As the title says, I'm trying to query all the data I got with no value stored in it. I've been searching for a while, and the only operation allowed that I've found is CONTAINS
, which doesn't fit my need.
consider the following table:
CREATE TABLE environment(
id uuid,
name varchar,
message text,
public Boolean,
participants set<varchar>,
PRIMARY KEY (id)
)
How can I get all entries in the table with an empty set? E.g. participants = {} or null?
Unfortunately, you really can't. Cassandra makes queries like this difficult by design, because there's no way it can be done without doing a full table scan (scanning each and every node).
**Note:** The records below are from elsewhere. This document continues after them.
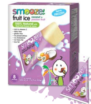
Display Box 65ml x 8 packs
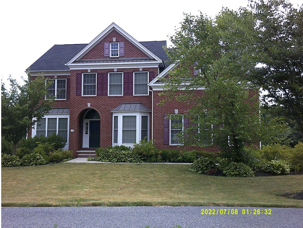
129 Mohawk Path Sale Price = 1,234,567
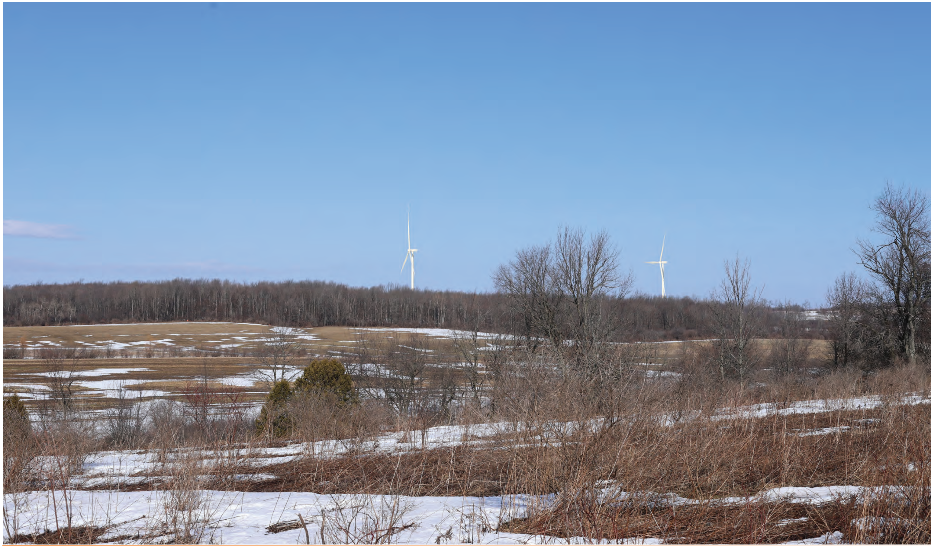
Photo 6 - Chyle Rd. SIMULATED CONDITION

This is why a big part of Cassandra data modeling is understanding all the ways that table will be queried, and building it to support those queries.
The other issue that you'll have to deal with, is that (generally speaking) Cassandra does not allow filtering by null
s. Again, it's a design choice...it's much easier to query for data that exists, rather than data that does not exist. Although, when writing with lightweight transactions, there are ways around this one (using the IF
clause).
If you knew all of the id
s ahead of time, you could write something to iterate through them, SELECT
and check for null on the app-side. Although that approach will be slow (but it won't stress the cluster). Probably the better approach, is to use a distributed OLAP layer like Apache Spark. It still wouldn't be fast, but this is probably the best way to handle a situation like this.